[Opening LISTED ENTRIES section]

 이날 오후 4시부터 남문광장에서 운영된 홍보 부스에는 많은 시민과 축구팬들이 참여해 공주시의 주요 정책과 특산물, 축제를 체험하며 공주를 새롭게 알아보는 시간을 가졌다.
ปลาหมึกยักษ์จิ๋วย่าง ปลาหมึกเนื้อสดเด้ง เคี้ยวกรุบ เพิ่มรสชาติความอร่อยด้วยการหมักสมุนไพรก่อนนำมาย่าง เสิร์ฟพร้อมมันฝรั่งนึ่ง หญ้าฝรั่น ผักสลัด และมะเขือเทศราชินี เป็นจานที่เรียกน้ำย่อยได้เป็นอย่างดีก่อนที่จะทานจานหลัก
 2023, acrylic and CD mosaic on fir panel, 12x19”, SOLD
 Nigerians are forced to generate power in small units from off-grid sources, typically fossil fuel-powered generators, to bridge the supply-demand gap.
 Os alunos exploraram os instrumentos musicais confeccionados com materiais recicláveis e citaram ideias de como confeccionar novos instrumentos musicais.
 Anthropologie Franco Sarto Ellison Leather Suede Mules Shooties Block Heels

[Closing LISTED ENTRIES section]
[Opening LISTED ENTRIES section]

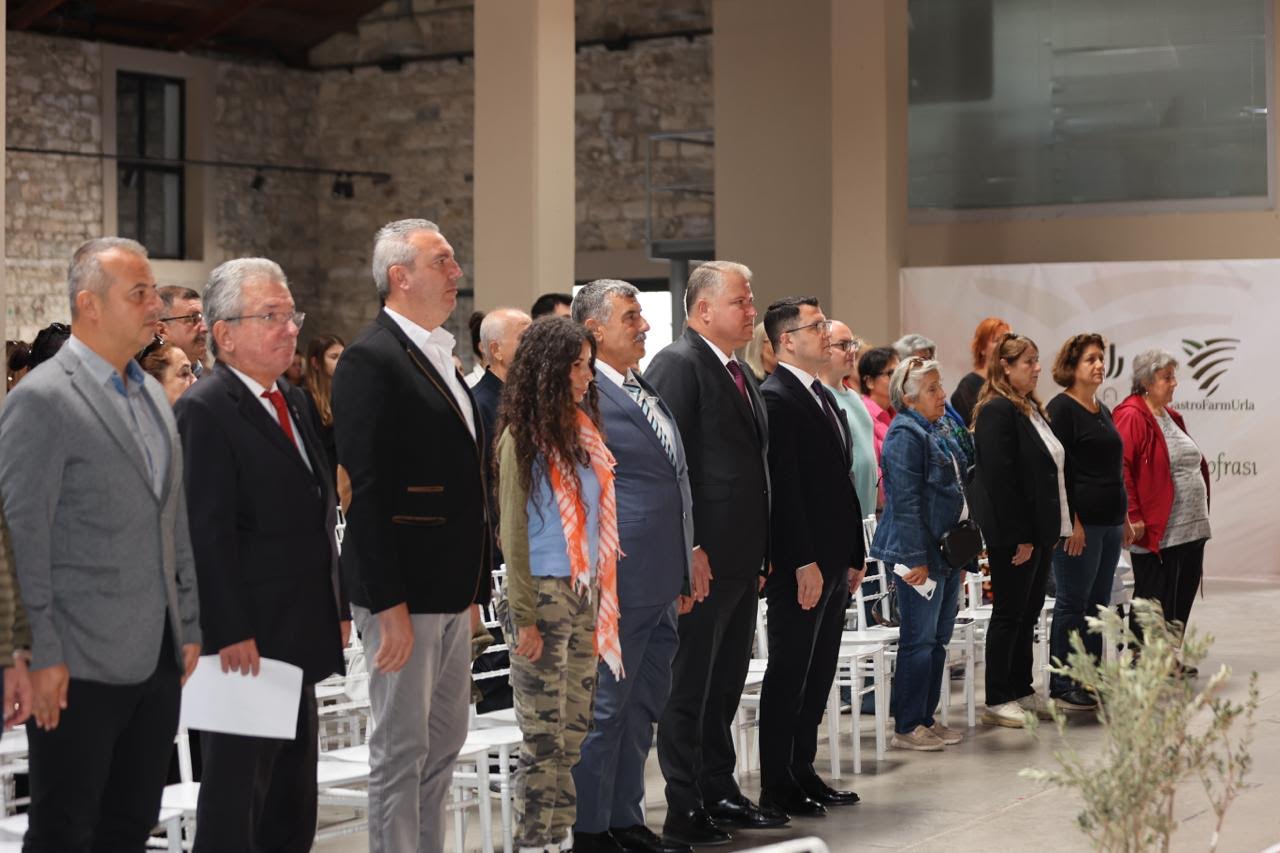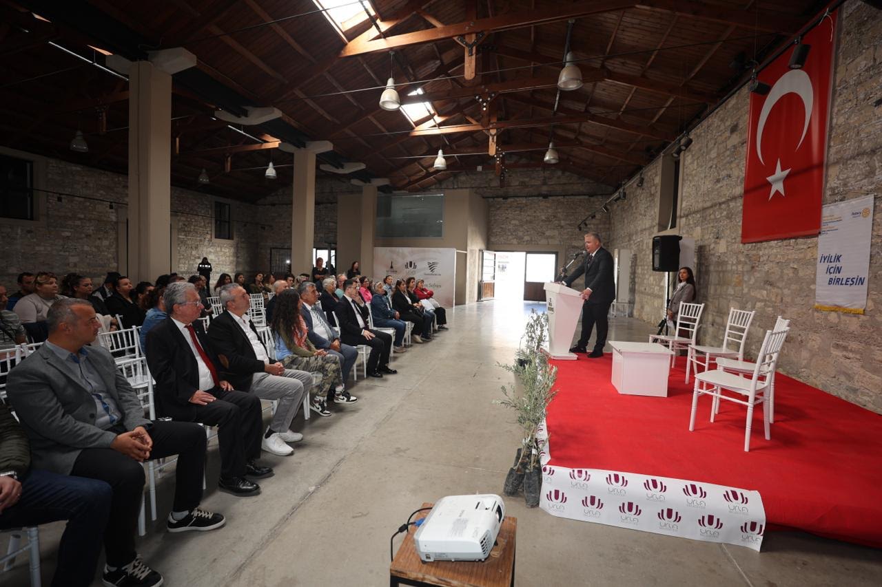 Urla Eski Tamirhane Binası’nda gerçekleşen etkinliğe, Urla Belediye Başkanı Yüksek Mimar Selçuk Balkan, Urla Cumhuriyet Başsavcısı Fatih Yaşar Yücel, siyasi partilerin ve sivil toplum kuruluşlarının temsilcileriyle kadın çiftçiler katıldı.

[Closing LISTED ENTRIES section]

What you return should be exactly the lines above, starting at the one with "이날 오후 4시부터 남문광장에서" and ending at the one with "Nigerians are forced", and nothing else.

ANSWER SECTION »
 이날 오후 4시부터 남문광장에서 운영된 홍보 부스에는 많은 시민과 축구팬들이 참여해 공주시의 주요 정책과 특산물, 축제를 체험하며 공주를 새롭게 알아보는 시간을 가졌다.
ปลาหมึกยักษ์จิ๋วย่าง ปลาหมึกเนื้อสดเด้ง เคี้ยวกรุบ เพิ่มรสชาติความอร่อยด้วยการหมักสมุนไพรก่อนนำมาย่าง เสิร์ฟพร้อมมันฝรั่งนึ่ง หญ้าฝรั่น ผักสลัด และมะเขือเทศราชินี เป็นจานที่เรียกน้ำย่อยได้เป็นอย่างดีก่อนที่จะทานจานหลัก
 2023, acrylic and CD mosaic on fir panel, 12x19”, SOLD
 Nigerians are forced to generate power in small units from off-grid sources, typically fossil fuel-powered generators, to bridge the supply-demand gap.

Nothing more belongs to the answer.